Tired of the same old same old, the wine cognoscenti (critics and sommeliers) have turned their attention, and their praise, to this leaner Chablis style (because minimal intervention is also hot and trendy right now). Among other reasons, it is more food friendly.
I had tried this wine a month earlier (different bottle) and I had so many mixed thoughts about it, but I was curious to see what the husband thought as he unfortunately missed this wine on the first go around. (He liked it.)
What surprised me was how different it tasted than the first time I had it — specifically what had been mouth-puckering and bracing acidity had mellowed into what, I believe, had Decanter Magazine so enamored they gave it 96 points and called it a Wine of the Year. Which leads to the key takeaways for this wine:
Not every bottle from the same vintage is identical. The more you try the same wines from the same vintages, that weren't mass-produced to be identical every year, the more obvious this becomes. This phenomena is part of the adventure of wine, brought on by the handcrafted nature of a product made from produce. It’s totally normal and something you’ll likely only ever notice if you’re buying more than one bottle of a given wine at a time.
Chalky, limestone soils make for food-friendly Chardonnay. In the case of this Chilean stunner, the ancient marine soil which lies under the vineyard imparts subtle lemon, floral, and mineral flavors on the palate, propped up by racy acidity. If you read this description but didn’t know the wine hailed from South America, you might just assume it is Chablis. Another new world region embracing this style of Chardonnay shares this soil profile — Sta. Rita Hills in Santa Barbara County, California.

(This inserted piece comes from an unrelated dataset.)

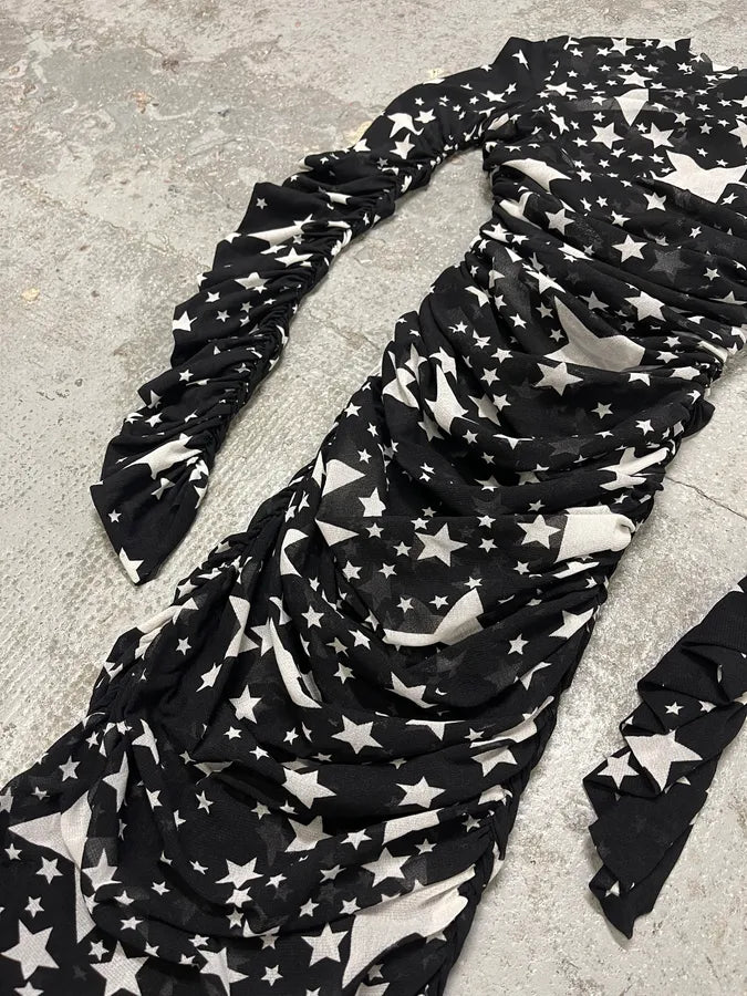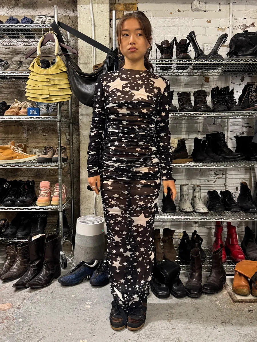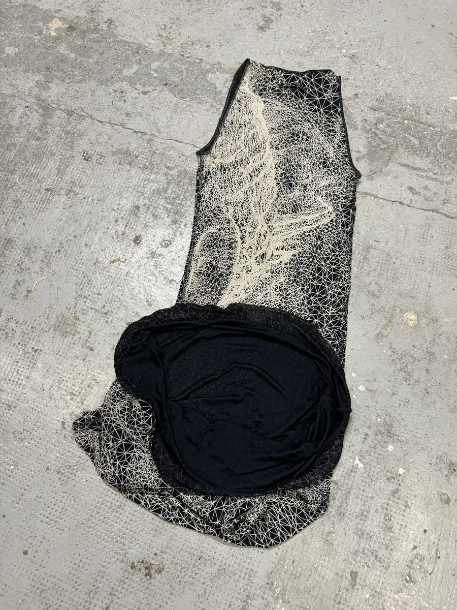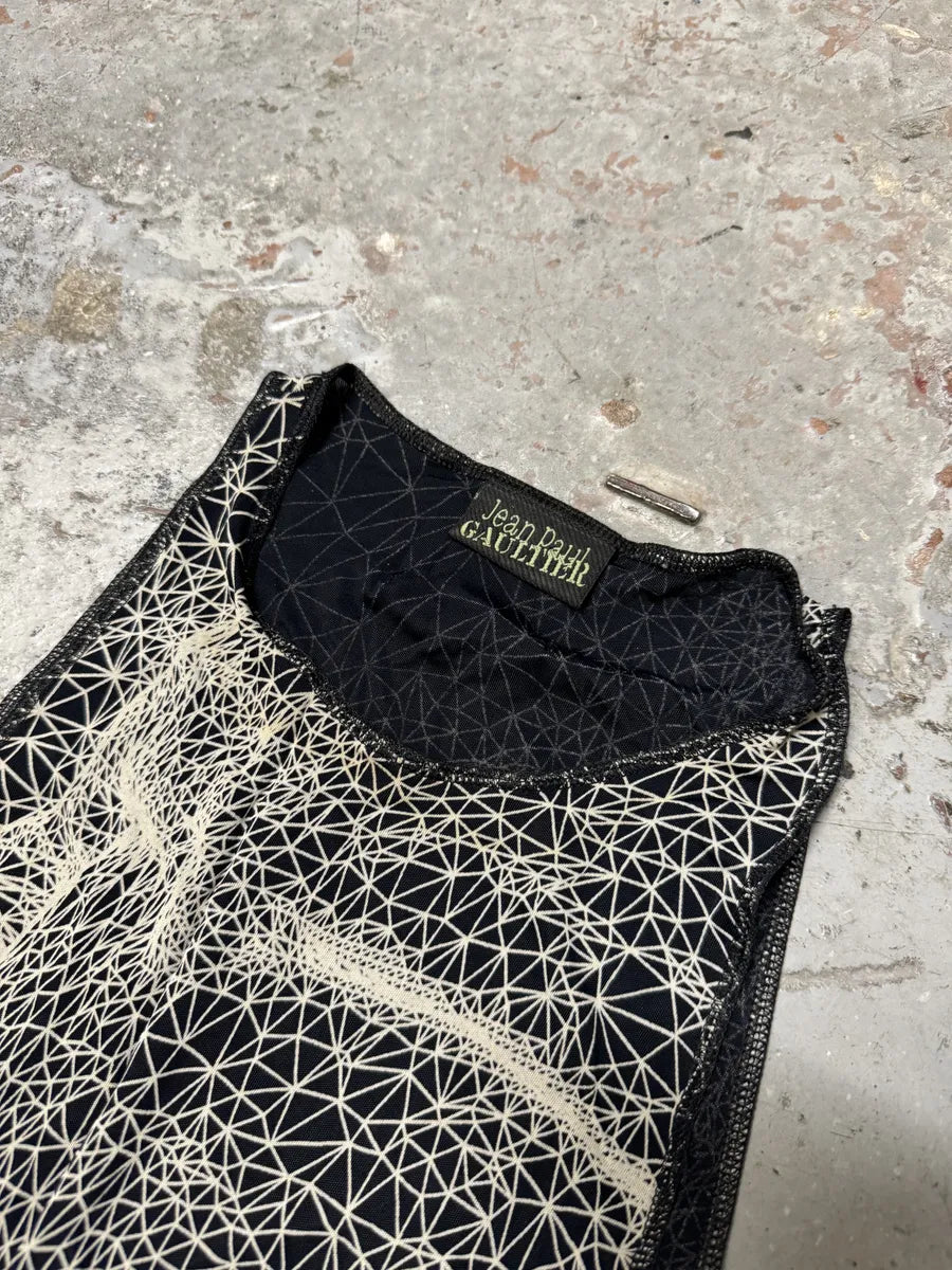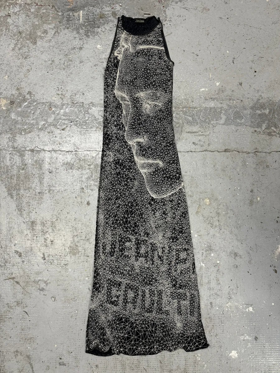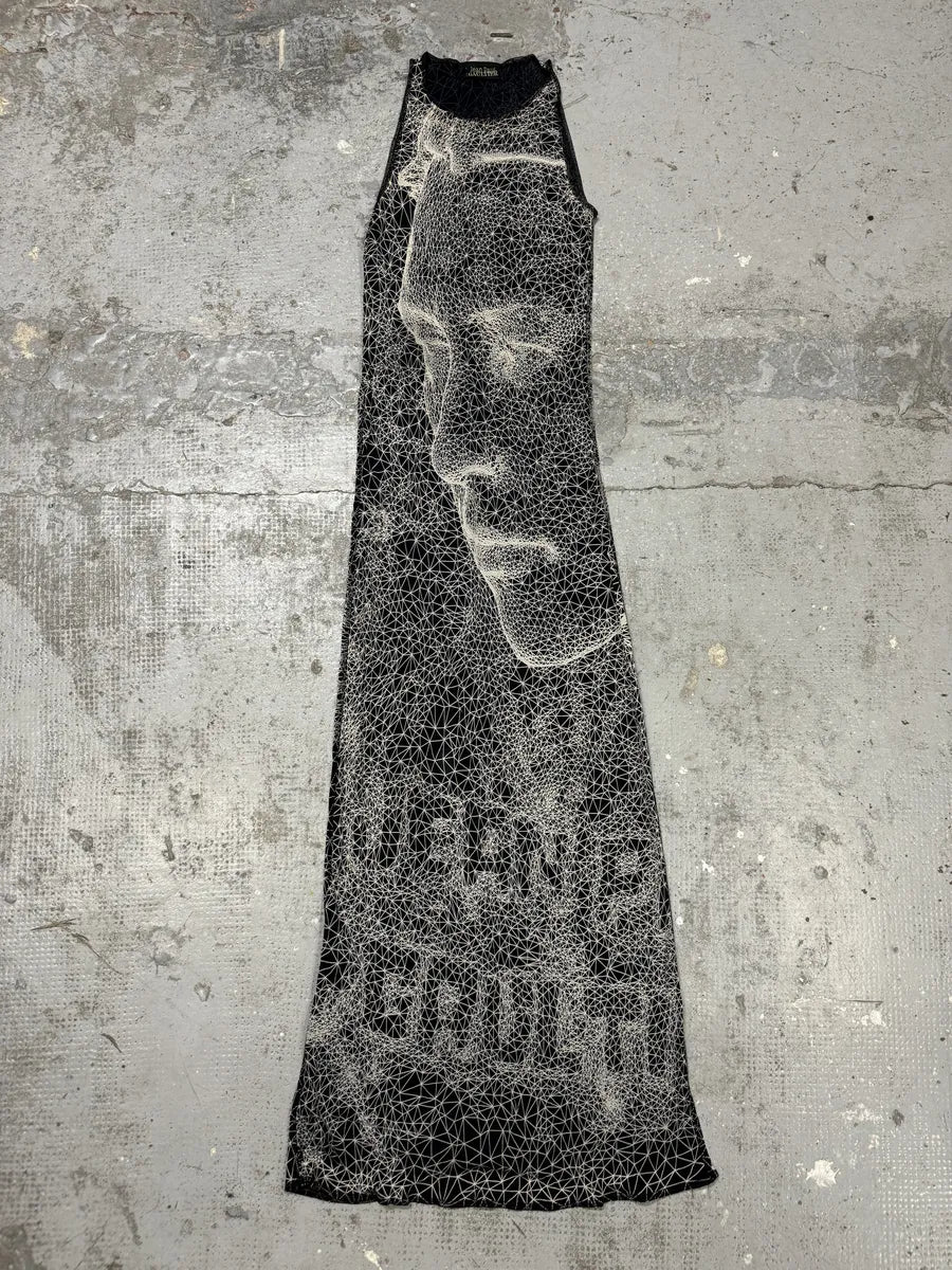 SS2001 Jean Paul Gaultier Satanic Gargoyle Blue Mesh Dress & Sarong -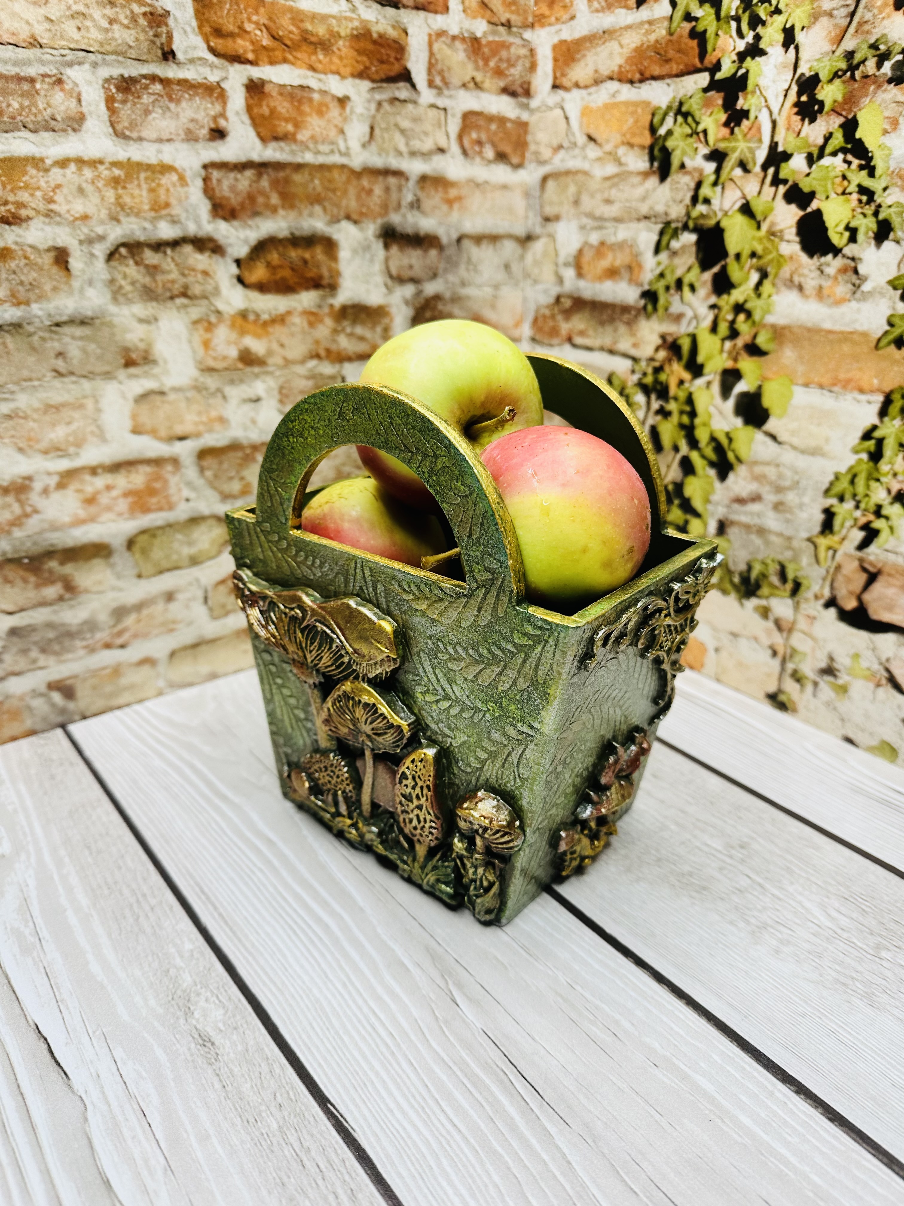 Изящная корзинка из качественного МДФ, созданная в оригинальной технике Mix Media —в  сочетании с моделирующей пастой, художественных восков и ярких акриловых красок. Это стильный аксессуар, который идеально подойдет для хранения конфет, печенья, фруктов или милых мелочей. Такая вещица прекрасно впишется в любой интерьер и порадует детей и взрослых.

Whole cluster. A winemaking technique generally only available to wineries who harvest by hand, fermenting wine using whole clusters of grapes, stems and all, leads to complexity, balanced acidity, addition of tannins for structure and ageability, and a range of fruit and spice notes that wouldn’t come from the grapes alone.
Restrained use of oak. Chardonnay from California often gets a bad rep for being too oaky. That “classic” Napa Chardonnay style of Rombauer, Far Niente, and Trefethen is actually the classic Côte de Beaune style (premium white Burgundy). While Chardonnay generally gets a lot of oak if the fruit is of poor quality or the winemaker’s intention is to age it for decades, some oak can enhance any Chardonnay. This one saw 10 months in new French Oak barrels, but the oak influence was quite subtle, mostly adding body and not an oaky or vanilla flavor.
Notice: I hold no formal wine credentials. I am a wine geek who has consumed 1000+ of bottles from 100+ different wine clubs and 1000s more bottles that didn’t come from those wine clubs. I do not accept payment for wine reviews, and I do not accept payments to influence my opinions. I happily accept free wine (and I buy wine).
Why read my wine reviews: Wine taste is subjective. What I like may not be what you like. I try to leave room for you to form your own opinions, so I don’t provide a score or a rating. I do point out wines that are an incredible value or truly not worth the money. I note flaws, wines that don’t have typicity (because this matters if you are buying wine without having tasted it yourself), when wines are out of balance, and when wines lack appropriate body.
I don’t like wasting money (or anything for that matter). I’m careful about where I spend my money and my mindset as a reviewer is to be careful about where you spend yours. I don’t believe a high price tag equals quality and I know for sure there are wines of very good quality that are also a great value.